Amateur astronomers can also choose higher-grade planetary cameras from many vendors. Such units have better sensors, more rugged construction, and more sophisticated control software.

All these cameras fit in a telescope’s focuser and record about the same field of view as a 6mm eyepiece. A 640×480 sensor is big enough because planets — even Jupiter — appear small. You might want a slightly larger sensor in your camera if you plan to use it with a 12-inch or larger telescope, but you won’t need the multiple-megapixel units that are desirable for deep-sky work.

Most of these cameras produce color images the same way a webcam does — using a matrix of pixels sensitive to red, green, and blue light.

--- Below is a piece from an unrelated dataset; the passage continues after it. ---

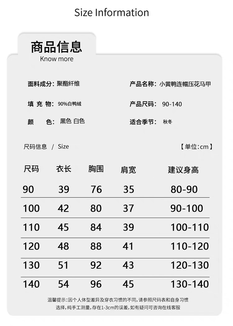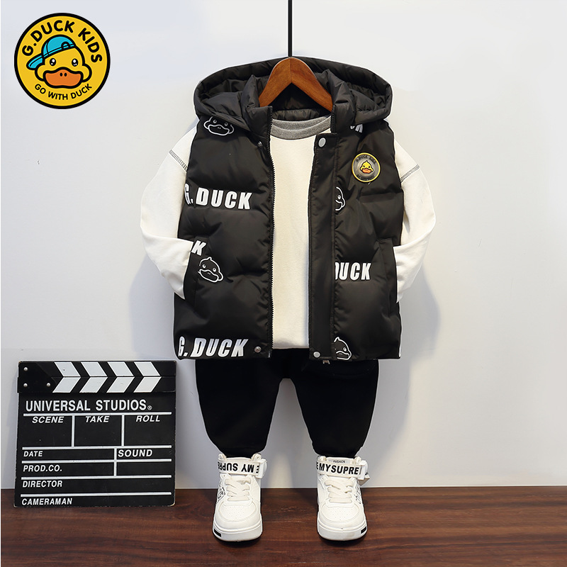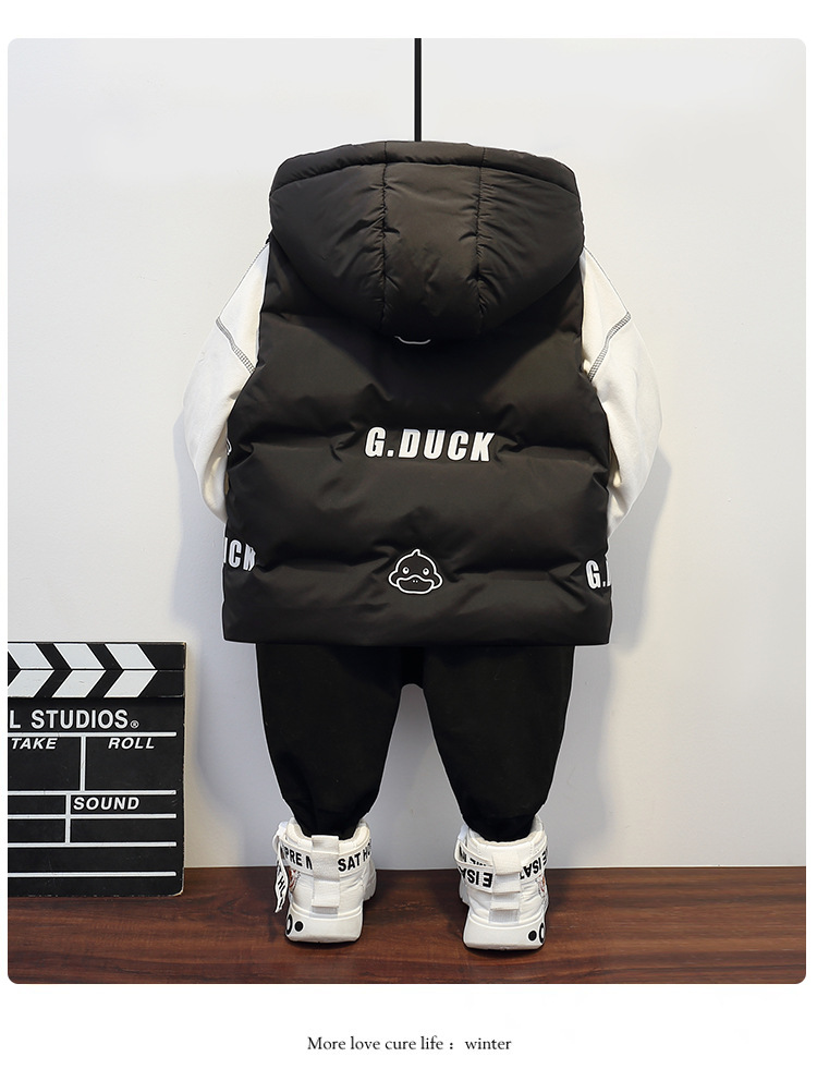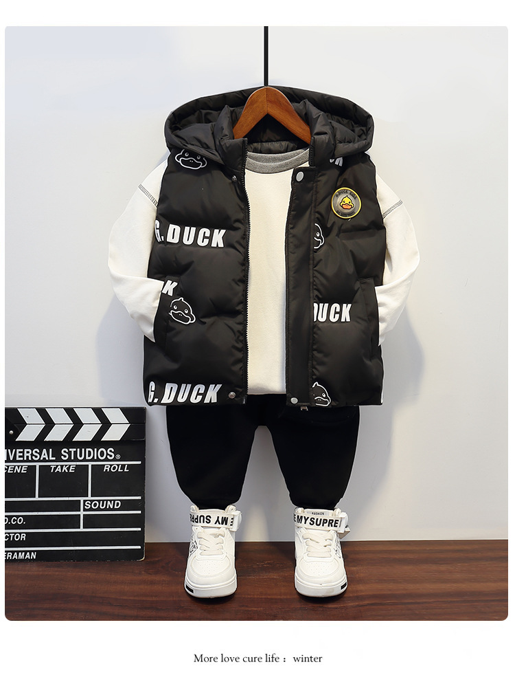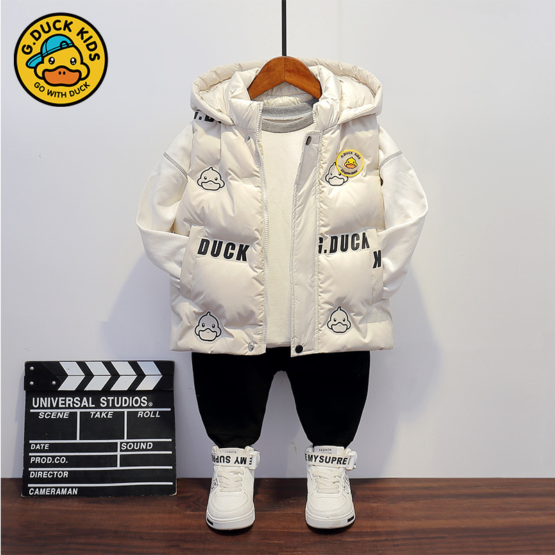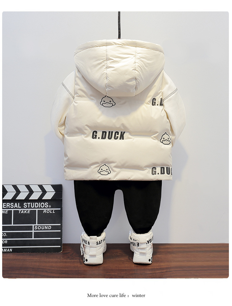 작은 노란 오리 아동복 소년과 소녀 후드 다운 조끼 가을과 겨울 아기 따뜻한 착용 어린이 아기 말 클립 조수

For higher quality, you can use a monochrome camera and take each picture three times, through red, green, and blue filters.

The Imaging Source offers three basic lines of cameras: monochrome (DMK), color (DFK), and color without an infrared-blocking filter (DBK). The last of these requires a separate infrared-blocking filter to give realistic color images, but you have the alternative of using a visible-light-blocking, infrared-passing filter (deep-red) to take pictures that record infrared (IR) radiation. Some imagers prefer an IR filter because the “seeing” (a measure of the atmosphere’s steadiness above your camera) is often better in infrared than in visible light.

The pixel size of video astrocameras is a good match to the diffraction-limited resolution of a telescope at focal ratios between f/20 and f/30. That means you’ll need at least a 2x Barlow lens with an f/8 or f/10 telescope. With my f/10 Schmidt-Cassegrain, I normally use a 3x Barlow to give f/30. When imaging Saturn, which is not as bright as Jupiter or Mars near opposition, I use a 2x Barlow and work at f/20. That combination produces a brighter but smaller image.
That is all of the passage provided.